Monday, July 15, 2013

Letter 11 - What's done is done, but the memory remains, as does the lessons learned.


   Ok here is what to some people is an annoying "Flash Back" piece.   The one where people argue over its validity or purpose in a story.   So Picture Wayne and Garth doing the swirly back flash motion and sound with their fingers.  Let me back up to help you realize maybe how I move forward.  My this particular letter was both requested and recommended buy my International Man of Mystery as well as some other people in my world both reality and online.  I will even add to that required.   I have also been asked to make an Email that is used for this Blog.  A Place where people can ask questions.   I promise,  I will answer them honestly.  Be warned however they might be used in further blogs as well..

So let the Email be    letters.to.my.IMOM@gmail.com

  There's a few things I wanna go back and talk about.   I had a few people ask a lot of questions about the "Online Venues"  I explored in while married because of the lack of passion Therein.  And yes.  Everything I write about has literally happened.     Also  no,  I wont be now nor ever taking dates with people just because "they want in the blog."   That's not how it works..  ;D   I will however will let you know,  if you do date me you will be in it.   Kinda how it works,.  This is part of who I am and what you need to accept in order to be with me.   I am fine if ya can't deal with that.

Online venues,  questions I have been asked about it have lead me to believe there are still a lot of people who do not think a truly good and lasting "Ship" (Relationship like Friendships and love connections)  cannot be cultivated on the internet.   Yeah it can.  I am not totally sure if these people really do not believe it can happen or if they are just really scared that it can.  I have met many people who will always be in my heart and thought about often on the net.   While I was married, and yes I am admitting to emotional ties to other people via the time I spent with my husband.   Never met them and fucked them.  It was a safe place to explore myself with out the extra bull shit a relationship adds.  I was in a relationship.  I was married.  There was little or no passion in it.  I was lucky my husband fucked me once a month.  went a few months without anything.    I think that's why he loved his nubile porn.  HE could "Fuck" the bitch and be done.  No intimacy,  no worry about her well being.   Just a dirty sock and bed.  A wife meant he should share care and engage them after the act is done.  This is not my excuse.  It is my reasons.  And frankly I don't give a fuck what anyone thinks about it.

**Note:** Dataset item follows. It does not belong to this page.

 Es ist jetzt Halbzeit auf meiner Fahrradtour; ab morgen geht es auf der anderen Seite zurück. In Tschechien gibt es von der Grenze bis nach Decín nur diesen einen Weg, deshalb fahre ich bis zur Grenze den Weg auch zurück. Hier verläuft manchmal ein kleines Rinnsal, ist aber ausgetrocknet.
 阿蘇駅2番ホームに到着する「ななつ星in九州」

  So the venues?  Second Live,   CamToMe,  Skype,  as well as Online role play games,  multiplayer. .   I was never unavailable tho.  I was there for my husband.  Always came to him first for my emotional and sexual needs first.  I was not willing to go without what I needed in my life just because someone could't or wouldn't give me it no matter how i tried to be there for them.  Sorry,  I am and always will be a you "get what ya give" kinda girl.

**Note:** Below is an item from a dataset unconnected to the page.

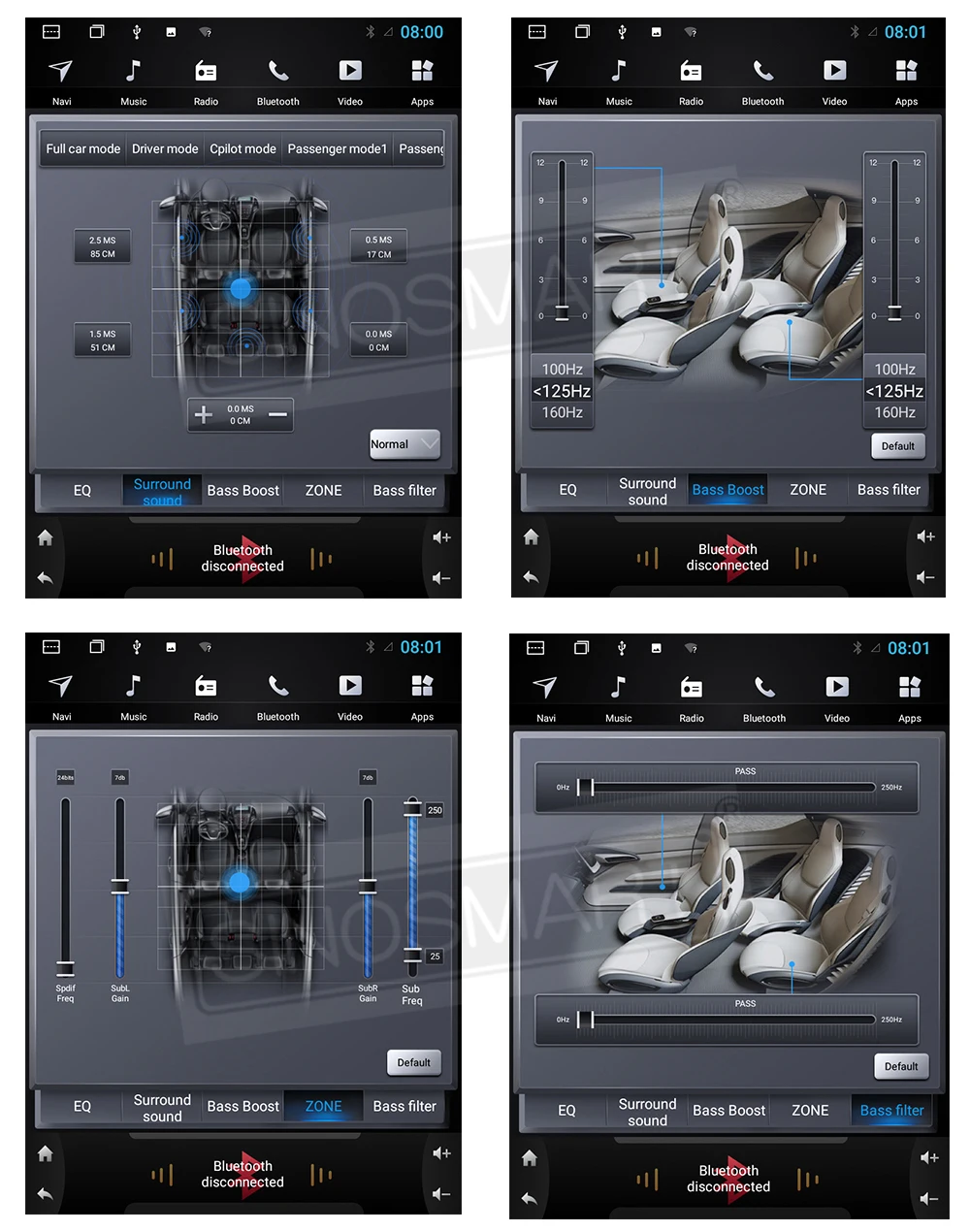 Встроенный Аудиопроцессор DSP для Hi-Fi звука, независимая Регулировка передних и задних динамиков, настройка 48EQ дает вам фантастическую музыку! Какова функция встроенного DSP аудиопроцессора? Это цифровой сигнальный процессор, который позволяет вам самостоятельно управлять множеством различных сторон каждого динамика в вашей пользовательской автомобильной аудиосистеме. Вы можете выполнять различные задачи настройки с помощью DSP, такие как управление выравниванием времени для создания отличного центрального изображения, вы можете настроить Кроссоверы для отправки только определенных частот в твитеры, динамики среднего диапазона, средние басовые динамики и сабвуферы, и вы можете управлять эквалайзером, чтобы настроить каждый динамик на целевой уровень отклика.

In EverQuest1 I met a lil Dwarf named Sirfalgar.   A squirrely lil  dude from Maryland.   We talked for a long time.   Got married in the game faught and leveled together.  And one day he sent me a plane ticket and told me to come to him.   I did.   HE was a good guy.  I never starved i always got cuddles but in the end.  We were just not compatible.   Even Richard and I married in EverQuest,  but we were both female characters.  He was a hobbit Druid,  and I was a high elf enchanter.   This was when I started SL and where Richard and my own collective story began.

  Second life,  however was the most memorable.  Mostly because the experience there was so varied.   I explored many different kinds of sexuality.  Some I had dabbled in before and others i never heard of until logging into Second Life in 2003.  My now Ex husband introduced me to the world.   Its a virtual community not completely unlike the SIMS just with a little more detailed control over your avatar and world.  Also a place it is possible to make a great deal of money.  As long as you can be unique and offer something either widely sought after or particularly useful,.  As in reality the biggest seller in Second Life (SL) is sex.   Sex clubs and hook up spots,  Building real working sex toys and furniture for a home or club as well.   Objects people could sit on together and your avatars will dance,  make out,  cuddle and even fuck if ya want.

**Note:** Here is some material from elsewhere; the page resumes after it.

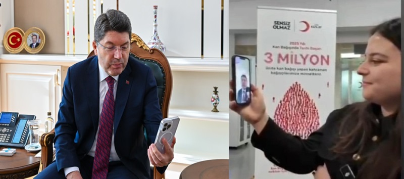 Adalet Bakanımız Sayın Yılmaz Tunç, Türk Kızılay’ın, bu yıl 3 milyonuncu ünitenin kan bağışçısı olan İslahiye Adliyesi zabıt katibi Büşra Tokgöz’ü görüntülü arayarak tebrik etti.

  Within second life I have had a few very memorable relationships.   People who to this day i still wonder about.  Topher,  for one.   She was always a awesome person to spend time with.  Share,  and relax with.   Female,  and yes I loved her.   Annah who was around when Topher was.  Same deal  as Topher,   I  loved them both.  Annah I "Owned" for a while.   I never liked that description.  She was a pet.  We played together for a while.  But her life got busy and mine did to.  Lost track.  I do hope my Lilith (Her pet name)  is doing well.

  Orlando,  a English Dominant who I adored.   I love people who are very real,  even in a fake environment!   He "Owned" me for a while.  Sent me some toy's made me feel very naughty.  This was before my husband and I started to really see each other.   It was also how my Ex husband and I spent time,   before we did decide to commune.  Orlando could make me come so wonderfully and on command!   HE also was very protective of me.   I adored him.

  This next guy's name is a bit hard to remember if I am spelling it right.   He was a Casanova.  loved all women all types.  He was married however,  So his interactions were all "No Strings Attached"  But in the venue we were both in (SL)  It was perfect.   A little amplification to a dull life.  Or a way to add spice to a overly vanilla Marriage.  What was his name......    AHHH  VisciousKnid!   He was an Erotic Dancer in SL.   He would sit on a pole "Ball"  and his avatar would move erotically but that was not all he did.   Words,  He would dance in word form.  In text telling us exactly what he was doing to the pole,  or us.  He was gifted that one.  Miss him greatly!

  Rajun Breck a interesting Mistake!  But still a good bit of fun and lessons.  The whole thing where I said people in Online communities sometimes have a hard time with strays from the norm.  I had issues with it too.  I actually tried to play the "Family life" with him.  Pregnancy,  yes,  and attachment to your avatar that put you through pregnancy and even all the hardships as best you can.  Had a full on wedding with him.  Was cool and short lived.  He fucked around.  I went bitch end of story.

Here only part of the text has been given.